Her breath caught, and she pushed so near to Joyce Carol Oates that she smelled the tang of her vinegary sweat, but no, it couldn’t be hers, and she realized then it was her own natural scent, born of fear and trembling. Then she blushed, and the juggler suddenly threw his knives, one-by-one, into the soft ground, where they quivered in sequence by a black gym bag and a hard guitar case from which the man picked out a blonde and warm-looking guitar. Though she looked and looked, scanned the crowd, Joyce Carol Oates was away in a sea of faces, and Giselle was left with the funny?man, who she now saw was much older than she, lined face and weathered cheeks, a scar under his eye.
“I'm Harry,” he said.
She offered him her hand in a graceful princess gesture, and at the touch of his lips was transfixed. I will love this man, and he will love me back or not, I don’t care, she thought, memories of her diner jobs and muscular boyfriends with cigarette packs rolled into their T-shirt sleeves. This is the point from which all lives branch, she thought. Right now.

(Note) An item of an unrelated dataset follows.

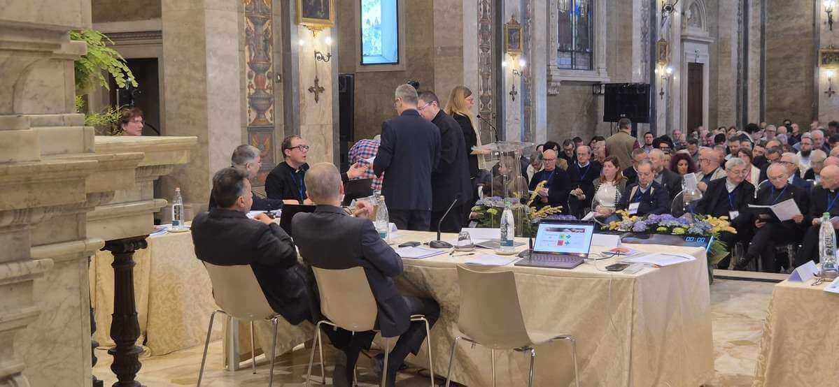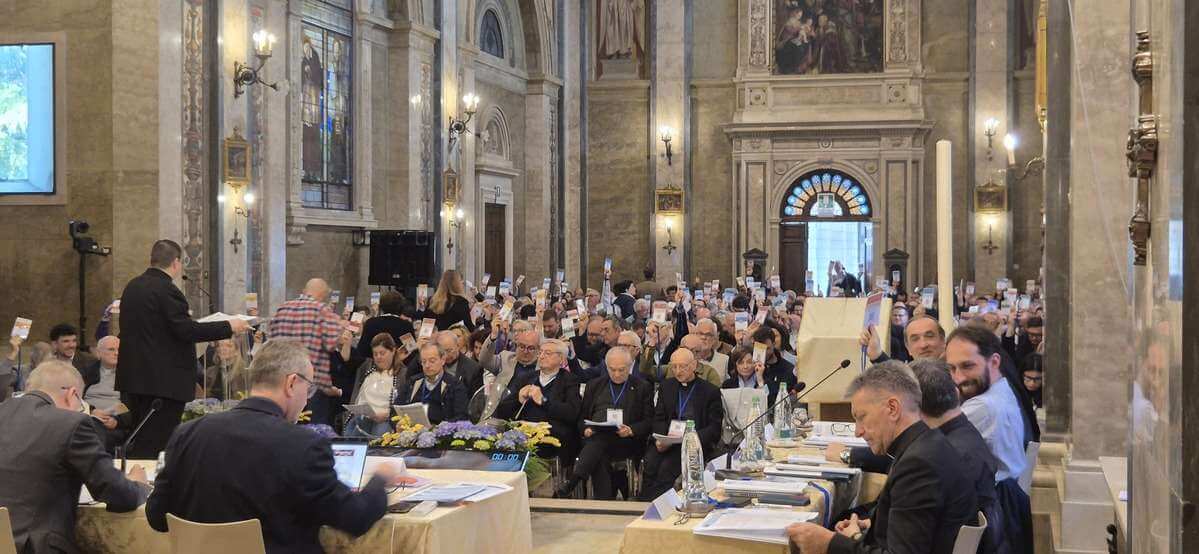 Le voci raccolte ieri sera, dopo un breve intervento procedurale da parte di don Tartari, si concentravano sulla quantità di emendamenti giunti alla segreteria del Convegno e che sarebbe stati votati stamattina. Alcuni parlavano di 50, altri di 400, altre voci, forse meglio informate, di 200 circa. “Nel buio della sala – per citare un film che abbiamo visto tutti, almeno una volta – si diceva che l’Italia stava vincendo 20 a 0 e che aveva segnato Zoff di testa su calcio d’angolo”. In apertura di mattinata, dopo le lodi, qualche precisazione che ha rasserenato i delegati. Gli emendamenti sono stati 218, alcuni accorpati, altri defalcati perché non strettamente attinenti alle proposizioni definite nella prima sessione: ne saranno quindi votati 60 con le rispettive 33 proposizioni. Si comincia con l’area dedicata a “Celebrare il giorno del Signore”. Il lavoro viene generalmente apprezzato, si invoca maggiore coraggio rispetto alla necessità di diminuire il numero delle Messe, si raccomanda attenzione a procedere per accumulo (molti suggerimenti interessanti ma bisognerebbe dire anche cosa si vuole alleggerire, non solo cosa si vuole aggiungere). Tutte le proposizioni passano con ampia (o amplissima maggioranza).

Harry feels G. feeding him ice chips. His groin feels full and warm, even after the doctor has lubed his innards and emptied his gland. Giselle hates even the hint of kink now after the bad news, for some reason, and this disease smacks of it, ass and semen and cursing the temple of God, yet she watches the process with no small fascination, even holds his hand and squeezes it against the pressure of the doctor's insistent finger. This is the danger of the younger woman, Harry thinks, they take the risk of burying you and the embarrassment of the slow decline into senility. He smiles at the strong tobacco smell, which holds memories of longish nights of passion, but brings with it as well a mass of tension at what her future may hold for her without him.

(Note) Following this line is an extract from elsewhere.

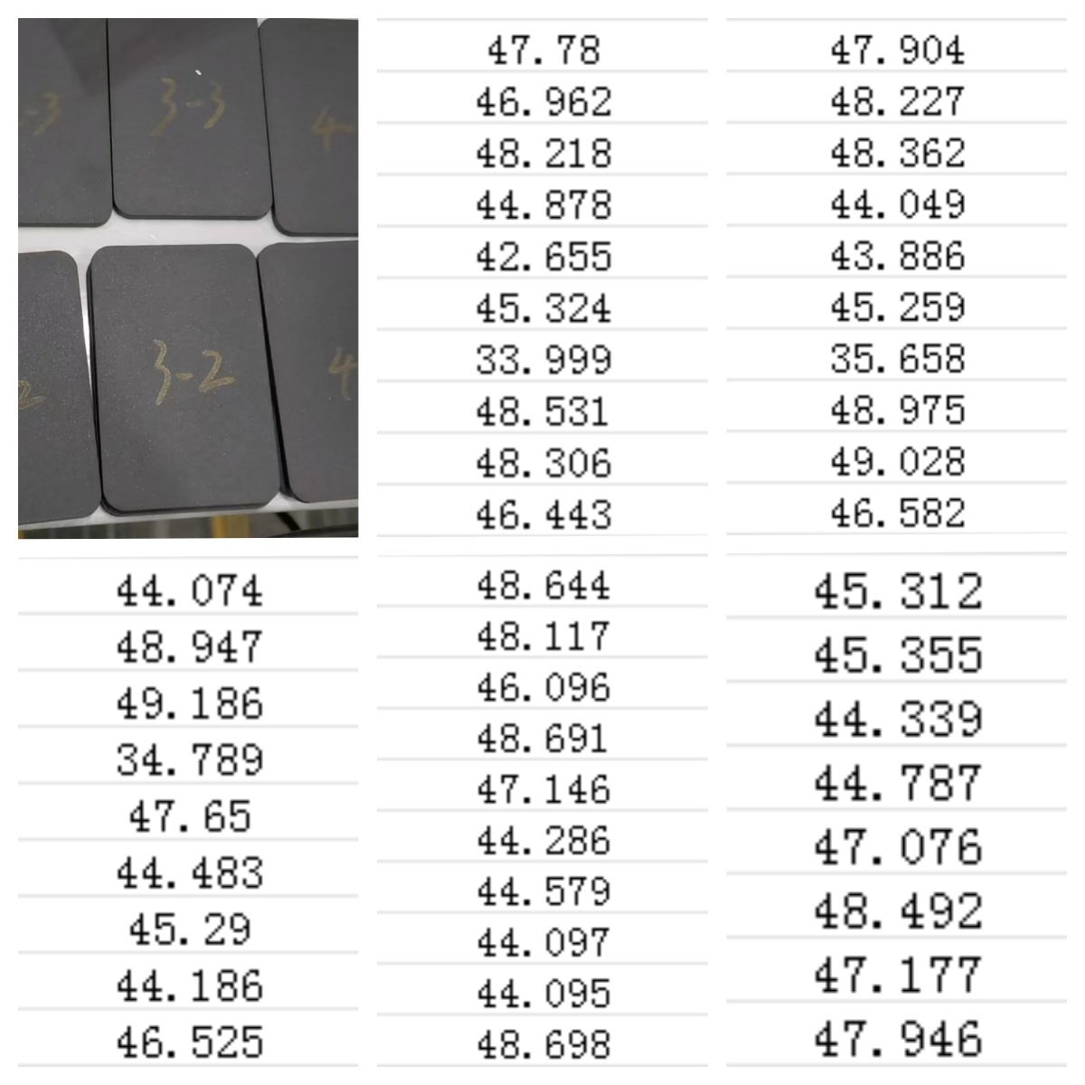 由以上结果可知道:样品的材料不太均匀,大部分位置的透过率在40%以上,有少部分位置的数据偏低,在35%以下。

Harry's superstitions are many. He will not sleep in a woman's house. He cannot spill salt without throwing it over his shoulder with a muttered invocation. He will not use condoms. He will not marry women. Anymore. They have not saved him, though he clings to them as if they will. He believes he will join some great force in the sky when he dies, a spiritual body politic with which he can talk of things of the spirit. Right now, though, he is gasping for breath from nerves as a doctor prepares him for the unkindest cut. He imagines he can feel the severation of the orange-sized prostate lying hot and turgid against the back of his pelvis; he can imagine the lightness of his body when the burn of the meteor finishes; he imagines himself floating in a vast and silky sea, free to pee as much as he would like without straining, a full and proud stream that will rattle the toilet-water as he sinks into the ether.
Giselle is her own best friend now, in her own New York apartment, dreamily scratching a long?haired cat whom Harry would hate if he were alive. Her bookshelves are lined with every book by Joyce Carol Oates and her other self, Rosamund Smith, a hundred or more of them, French first editions, a prized German first, even the stripped-cover mass markets. If Harry could see, he would be thrilled, she thinks. His guitar and one awful juggling brick are now bronzed, stored in the corner of her home on a special table with her first edition of Them. She thinks about him often, even as she sleeps now with other men. She has a picture of Harry and herself in Princeton on her mantelpiece, where the cat often naps, and she imagines somewhere in the background, in one of those lovely buildings, Joyce Carol Oates tapping away at her latest opus, maybe another book on boxing. Or perhaps she's given in to her Gothic side that day, dark castle, a darker secret, trees lashed and swaying in the wind like broken fingers against a lightning-ridden skyline, and Giselle imagines Harry imagining her now from his perch in a lofty heaven. How would he feel about this? How would he feel about anything?